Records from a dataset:
•••

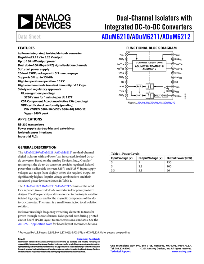 ADUM6211: Dual-Channel Isolators with Integrated DC/DC Converter (1/1 Channel Directionality)
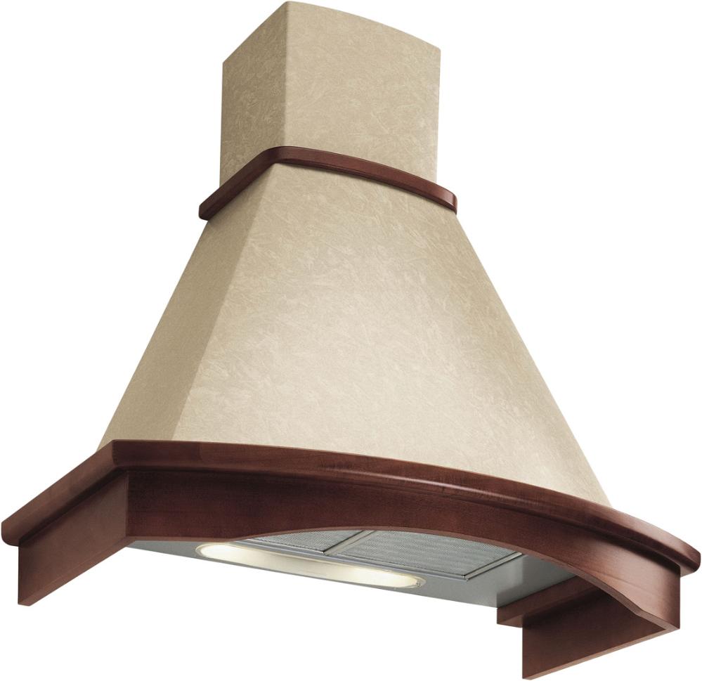 Особенно разнообразен ассортимент классических вытяжек с окантовкой из натурального дерева. Корпус таких моделей выполняется в спокойном белом или бежевом цвете, хорошо сочетающемся с оттенками натурального дерева — мореного дуба, бука, вишни или ореха. Нередко для окантовки используется окрашенное дерево в тон с цветом купола: особенно популярны оттенки ванили, бежевый и кремовый. Иногда дерево специально оставляют неокрашенным, чтобы пользователь мог подобрать оттенок самостоятельно.
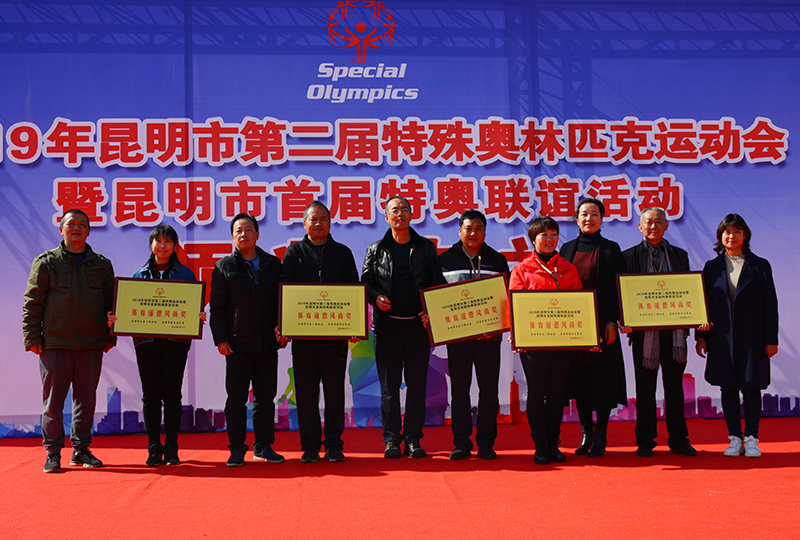 运动员代表、裁判员代表分别宣誓;特奥运动组委会向best365足球官网学前与特殊教育学院、体育学院、医学院和云南美丽康发展有限公司赠予锦旗;组委会授予盘龙区培智学校、五华区新萌学校、官渡区培智学校、宜良县特殊教育学校、寻甸县特殊教育学校优秀组织奖称号。
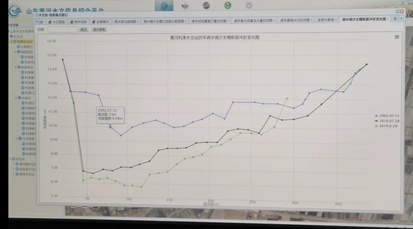 在黃委,我們了解到:1972年至1999年,28年間,黃河下游干流斷流22年,斷流長(zhǎng)度一度達(dá)700多公里。最嚴(yán)重的1997年,一年365天中,斷流長(zhǎng)達(dá)226天!直至2003年上半年,黃河來(lái)水仍屬偏枯。此外,2002年,小浪底水利樞紐開(kāi)始調(diào)水調(diào)沙,多年來(lái)已將下游河道主槽河底高程平均刷深兩米!這些,都在山東黃河水文信息綜合平臺(tái)留下了印跡。
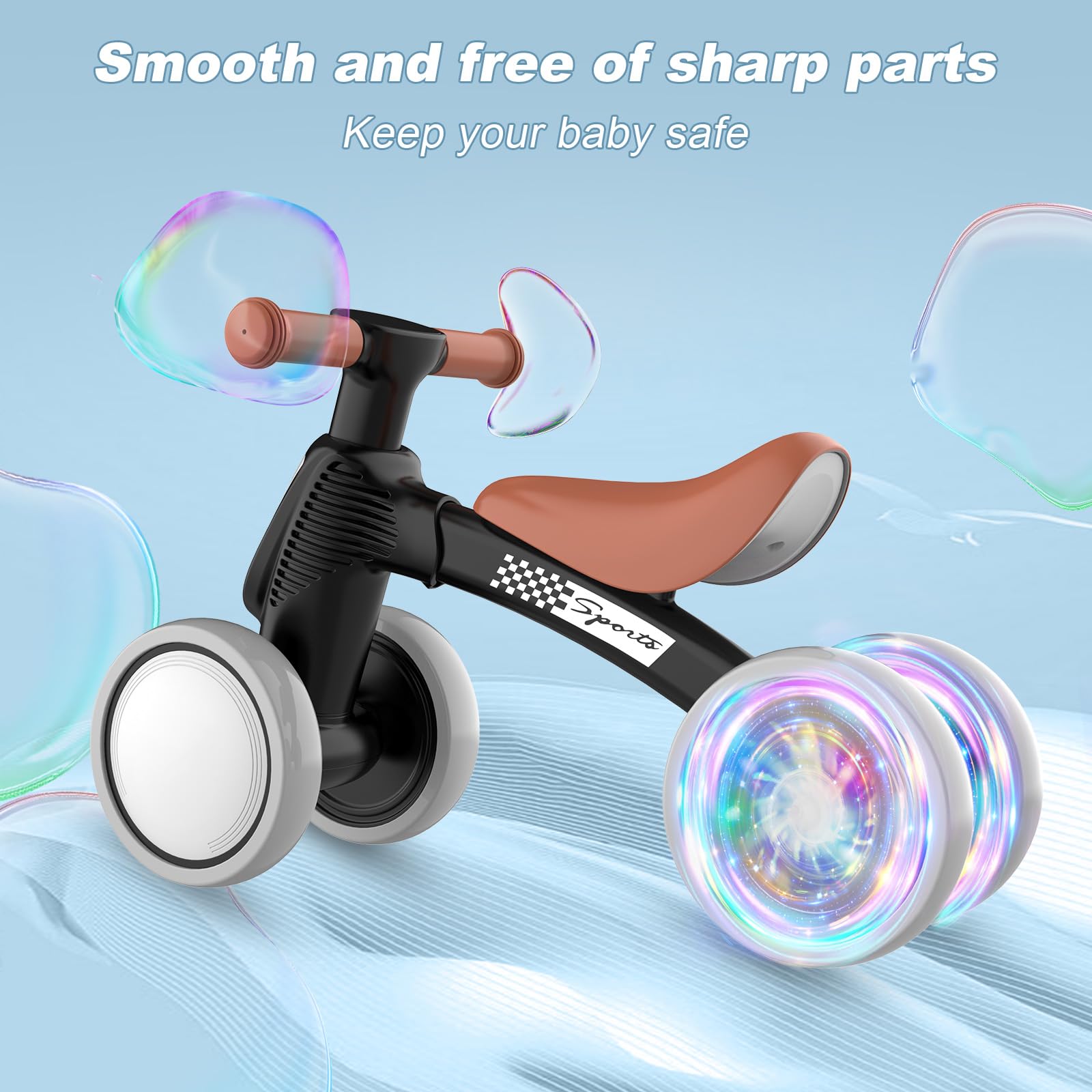 ?COLORFUL LIGHTING DESIGN? To enhance childrens fun, we have specially designed the colorful lighting rear wheel. No batteries are required, just spin the wheels to glow. Greatly increases the fun for children. | ?THE BEST PARTNER FOR KIDS? Recommended ages for 10-36 months. baby balance bike can bring fun and joy to children. Its a Great gift for toddlers to learn to walk and ride. Can help enhance the babys balance, steering, coordination, and increase self-confidence. | ?SAFELY RIDE? No pedal and fully widened closed wheel to avoid clamping babys feet. 135

•••

Without the pictures, set down the lines above from the line with "Особенно разнообразен ассортимент" up to and including the line with "运动员代表、裁判员代表分别宣" exactly as they stand.

Written answer:
 Особенно разнообразен ассортимент классических вытяжек с окантовкой из натурального дерева. Корпус таких моделей выполняется в спокойном белом или бежевом цвете, хорошо сочетающемся с оттенками натурального дерева — мореного дуба, бука, вишни или ореха. Нередко для окантовки используется окрашенное дерево в тон с цветом купола: особенно популярны оттенки ванили, бежевый и кремовый. Иногда дерево специально оставляют неокрашенным, чтобы пользователь мог подобрать оттенок самостоятельно.
 运动员代表、裁判员代表分别宣誓;特奥运动组委会向best365足球官网学前与特殊教育学院、体育学院、医学院和云南美丽康发展有限公司赠予锦旗;组委会授予盘龙区培智学校、五华区新萌学校、官渡区培智学校、宜良县特殊教育学校、寻甸县特殊教育学校优秀组织奖称号。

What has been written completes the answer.